I am reading the book Programming in Haskell by Graham Hutton.
I have a question regarding Exercise 12.7. The task is to show how to make the type
data Expr a = Var a | Val Int | Add (Expr a) (Expr a)
into an instance of the Functor and Applicative classes.
Making it into an instance of Functor is straightforward:
instance Functor Expr where
--fmap :: (a -> b) -> Expr a -> Expr b
fmap f (Var x) = Var $ f x
fmap f (Val i) = Val i
fmap f (Add e e') = Add (fmap f e) (fmap f e')
However, I am not sure how to implement the <*>operator, in particular it is not clear to me how to define it when one or both of its inputs have the constructor Val:
instance Applicative Expr where
--pure :: a -> Expr a
pure x = Var x
--(<*>) :: Expr (a -> b) -> Expr a -> Expr b
(Var f) <*> (Var x) = Var (f x)
(Var f) <*> (Add e1 e2) = Add (fmap f e1) (fmap f e2)
(Add fe1 fe2) <*> e = Add (fe1 <*> e) (fe2 <*> e)
_ <*> _ = ???
My question is: How can I finish my implementation of <*> such that the applicative laws hold?

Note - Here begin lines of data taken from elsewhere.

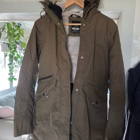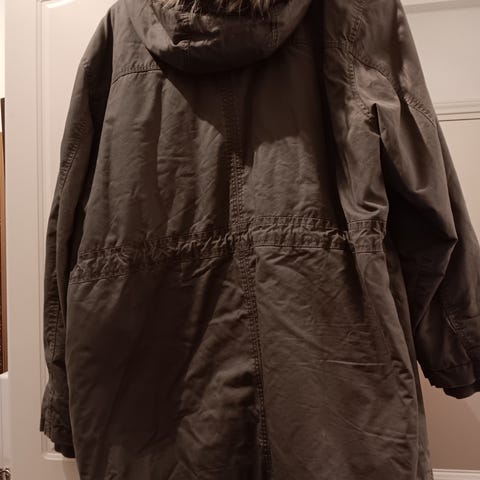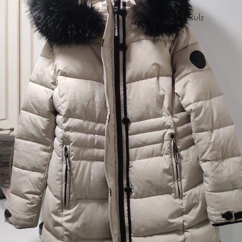 Uusi lämminvuorinen talvitakki. Valkoinen karvavuori on etu- ja takakappaleessa, hihoissa pelkästään vanua kankaiden välissä. Kuvan malli on kokoa xs/s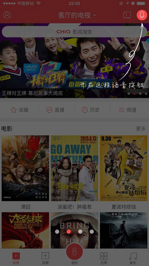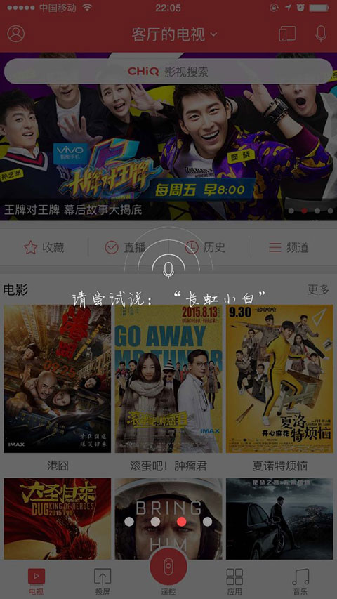 只需一个手机,即可控制局域网内的CHiQ电视,还可以语音控制。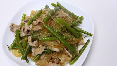 ちぎりいんげん、豚肉、春雨の炒め煮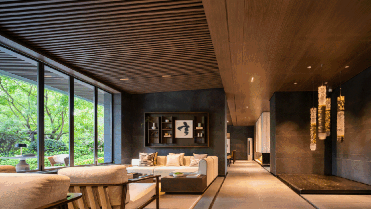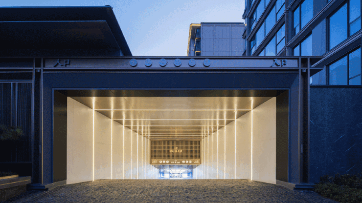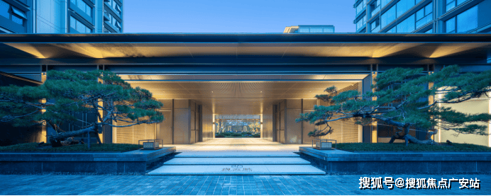 南侧主入口采用重檐门庭、金属格栅、意趣昆石,搭配约 70万珍稀古树,还原宋画深宅大院的威仪。约57米恢弘尺度,媲美南京总统府门庭气度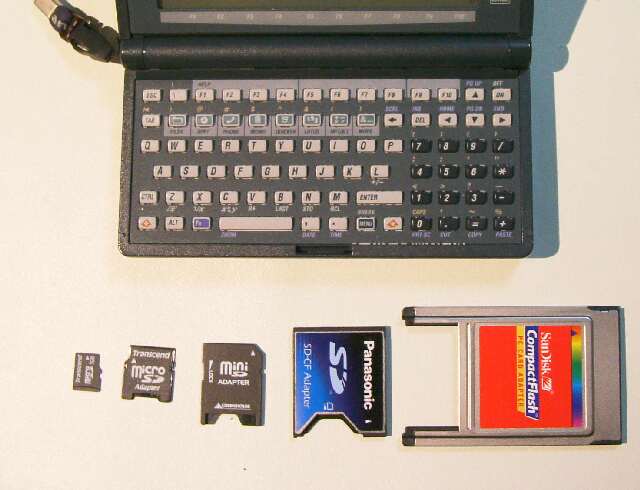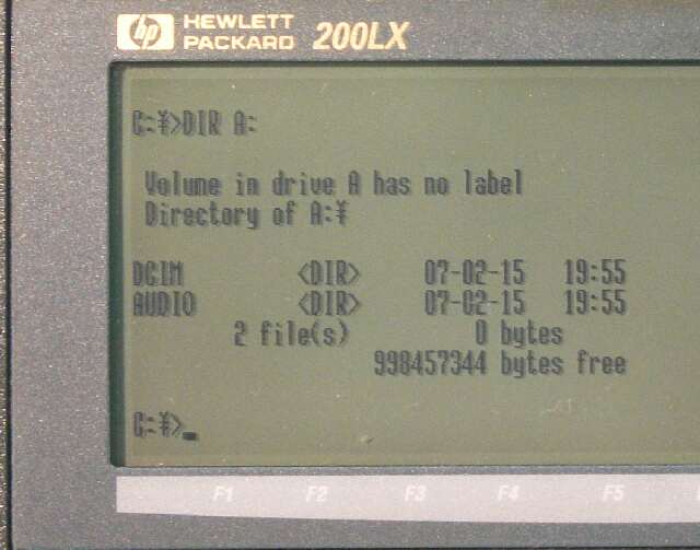 ここで特筆すべきは、256MB(メガバイト)、1GB(ギガバイト)のカード共に、なんらフォーマット等せずに、アダプタを経由するだけでそのまま200LXで認識し、読み書きできることです。

I will only give you a hint.
To define t1 <*> t2, scan the expression tree t1 and find the places where there are variables, i.e. Var f for some function f. Replace each variable in t1 with the new expression tree fmap f t2. Leave non-variables in t1 as they are.
You don't need to scan t2 in your <*> (except implicitly, through fmap).

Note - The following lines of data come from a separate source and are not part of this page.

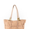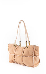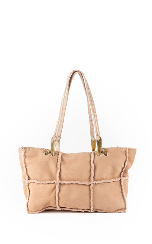 Jonu M er en alsidig hverdagstaske, der problemfrit kombinerer praktisk med stil. Håndlavet udelukkende af et patchwork af smidige læderfirkanter, er det et vigtigt tilbehør med en distinkt æstetik. De håndsnoede håndtag, der er fastgjort med hornkroge, fremhæver dets håndværksmæssige håndværk.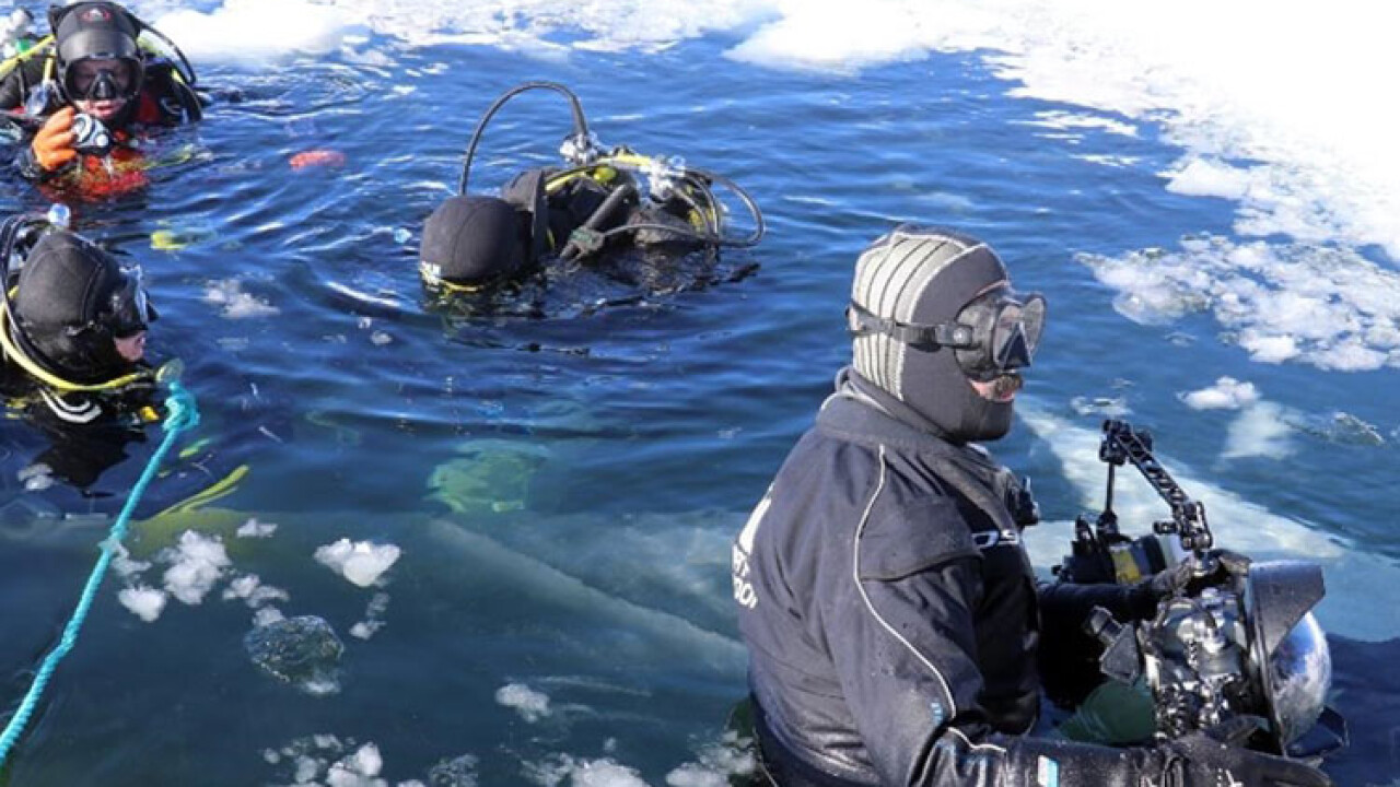 İstanbul'dan gelen Su Altı Fotoğrafçıları ve Filmcileri Derneğinden dalgıçlar da suyun yüzeyinde bir metreyi bulan buzların kırılmasıyla hazırlıklarını yapıp suya daldı.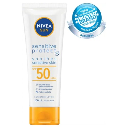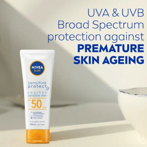 NIVEA SUN Sensitive Protect Sunscreen Lotion SPF50 provides you with broad spectrum protection and moisturising care whilst being suitable for sensitive skin. Made with quality ingredients your sensitive skin is protected and cared for. Enjoy the sun with quality care using NIVEA!

Note that this respects types. We have t1 :: Expr (a -> b), hence f :: a -> b. Moreover, t2 :: Expr a, hence fmap f t2 :: Expr b as wanted.
Informal example:
(f + (4 + g)) <*> ((1+x)+y) = ( ((1+f x)+f y) + (4 + ((1+g x)+g y)) )
Once you complete your definition, you can then try proving the applicative laws.
As a final remark, this is a case where, in my opinion, it is easier to think of Expr as a monad first. This is because I find join :: Expr (Expr a) -> Expr a very natural to define, much more than <*>. And once you understand join it's relatively easier to obtain <*>, at least to me.